– Я видел, что сюда идут бандеровцы, понял, что они творят в Славянске, и я не мог оставаться в стороне. Надо было любой ценой остановить фашистов. Конечно, донецким надо было между собой разбираться, но русский язык нельзя было трогать. Мы ж один народ.
Толя перевел взгляд на разбитый пятиэтажный дом за наблюдательным пунктом. Ему стало смешно. О фашизме он слышал много раз от русских пленных, которых, предварительно накормив и напоив, передавали спецслужбам. "Что они там курят, в этой России?" – искренне удивлялся его товарищ Джексон тупому упрямству, с которым тысячи россиян шли в Украину убивать своих соседей. А "борода" в кубанке продолжал как по писаному:
– Ты понимаешь, я сегодня двоих детей вывозил из подвала. Просидели там под снарядами. Разве это можно допускать?
Толя внимательно посмотрел в глаза парламентеру.
– Ты знаешь, Владимир Петрович, – сказал он, – все, что ты видишь вокруг, сделали ваши снаряды. А здесь, в Дебальцево, я из подвалов вывез десятки детей. И их родителей. Они сидели под вашими снарядами. Под вашими, атаман, а не под нашими.
Спутник атамана пританцовывал на месте от желания закончить этот разговор, но Зотов был очень любопытен и говорлив, как любой милицейский чиновник на пенсии.
– Ладно, Толя, давай договоримся, – почти дружелюбно сказал Зотов. – Ты своим передашь, чтобы не били по жилым кварталам, а я своим. Хорошо?
– Хорошо, – пожал плечами разведчик. Он и так знал, что в Дебальцево украинская артиллерия не стреляет по районам, где есть мирные жители.
– А ты сам откуда? – подал голос второй парламентер.
– Я-то? – улыбнулся Анатолий. – Я отсюда. С Донбасса. Километров тридцать от Дебальцево. И я, наверное, бандеровец. Только я никуда не уходил. Я был здесь, и восемь поколений моих предков были здесь. Это вы пришли. Так-то оно получается.
– Так ведь бандеровцы… – начал было атаман.
– Распинают детей и насилуют монтажной пеной старушек? – перебил его Толя. – Знаешь что?

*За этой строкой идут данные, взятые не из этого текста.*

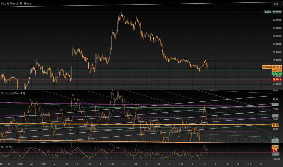 BTC BÜYÜK RESİM Eğer ters flama çalışırsa Haziran ayının ilk haftasında tam dibi görebiliriz. Sadece tahmindir yatırım tavsiyesi içermez. En kötü Hazirandan sonra kopuş ihtimali artar. Bu savaş ortaminda yükselişler güçlü bir boğa getirmeyebilir. Ancak hazirana doğru olası müzakereler ile boğa tetiklenebilir. Long

Езжай к себе в Москву, меняй паспорт и приезжай к нам через погранцов в Чернигове, а я тебя встречу на переходе. И потом отвезу во Львов. Узнаешь, какими бывают бандеровцы, как вкусно готовят в кнайпах и как любят принимать гостей. Может, поменяешь мнение.
– Это вряд ли, – сказал из-за спины атамана его спутник.
"Ну, вряд ли значит вряд ли", – подумал Толя спокойно.
– Да, есть и такой вопрос, – сменил тему атаман. – У вас наш человек. Пленный. Отдадите?
– Отдать не отдадим, а поменяем. У вас тоже есть один из наших.
– А фамилия? – спросил второй и достал карандаш и блокнот. "Он у атамана, похоже, вместо начальника штаба", – оценил Толя. И сказал:
– Позывной Горняк.
– Понял, – кивнул "начальник штаба". Он, судя по всему, знал о существовании человека с таким позывным.
– Вы хоть с нашим обращаетесь нормально? – спросил атаман.
Толя подумал об испуганном парне, который отсыпался в каморке под охраной Джексона. Джексон только что сменил другого часового, и Толя даже позавидовал военнопленному, чье право на здоровый сон никто не собирался ограничивать.
– С ним порядок. Женевская конвенция и все такое. Найдете Горняка, и мы отдадим вашего. Сразу же.
– Понял, – кивнул бородатый атаман. – Ну, до встречи. Руки, думаю, жать не будем?
Фраза прозвучала как легкая шутка, но Толя даже не улыбнулся, пошел ко входу в здание, на втором этаже которого двое бойцов держали под прицелом гостей.
– Погоди, Толя, – остановил его атаман.
– Что еще?
– Я знаю этого вашего Горняка.
"А я и не сомневался в этом", – мысленно сказал себе Адамовский. Конечно, и атаман, и его помощник были в курсе.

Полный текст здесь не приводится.